Book Read Free

The Fourth Man

Page 17

by K. O. Dahl


  ‘I hadn’t opened it for days. The crux is what you can read between the lines. These terrible people etc etc. Reidun Vestli didn’t find any romantic millpond. She took recourse to a bottle of pills because …’

  ‘I can read too,’ Gunnarstranda interrupted. ‘But all this just sounds like a radio play.’ He put his glasses back on his nose and read aloud: ‘I don’t know whether Elisabeth will be able to stand up to these terrible people. I hope she can, but I have no illusions.
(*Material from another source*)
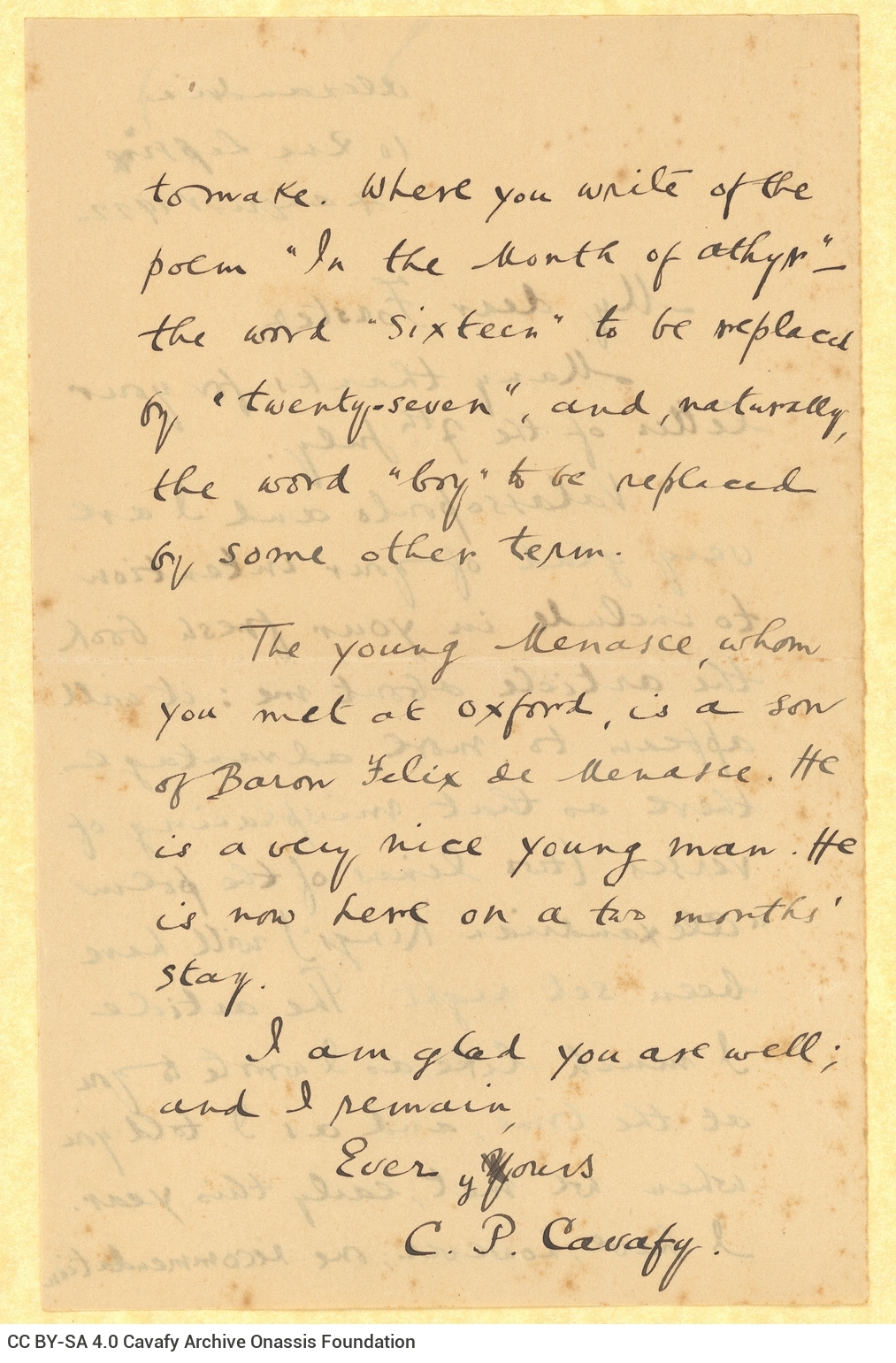 0003 (323) - Copy of a letter by Cavafy to E. M. Forster

Nor did I have any illusions when they came here. Elisabeth warned me about them — these terrible people …’ He lowered his glasses. ‘I’ve never read such dross.’

  Frølich didn’t know what to answer.

  Gunnarstranda said: ‘If this lady was beaten up so badly she told her attackers where Elisabeth was, and then, on top of that, sent a letter through the post to a policeman, why on earth would she not say who was responsible so that they would be punished?’

  ‘Don’t know,’ Frølich said lamely. ‘But I would assume out of loyalty to Elisabeth.’

  ‘Loyalty? Elisabeth Faremo was dead when Vestli wrote this.’

  ‘I have no cause to doubt the authenticity of the letter. The opening sentences, about the salutation. That’s like listening to her speak. Reidun Vestli killed herself, and no one, not even you, can make me believe anything different. It’s true there isn’t much information of any value in the letter, but, in my opinion, it is genuine. Now you’ve got Rognstad. I’m sure he’s partly responsible for Reidun Vestli’s death.’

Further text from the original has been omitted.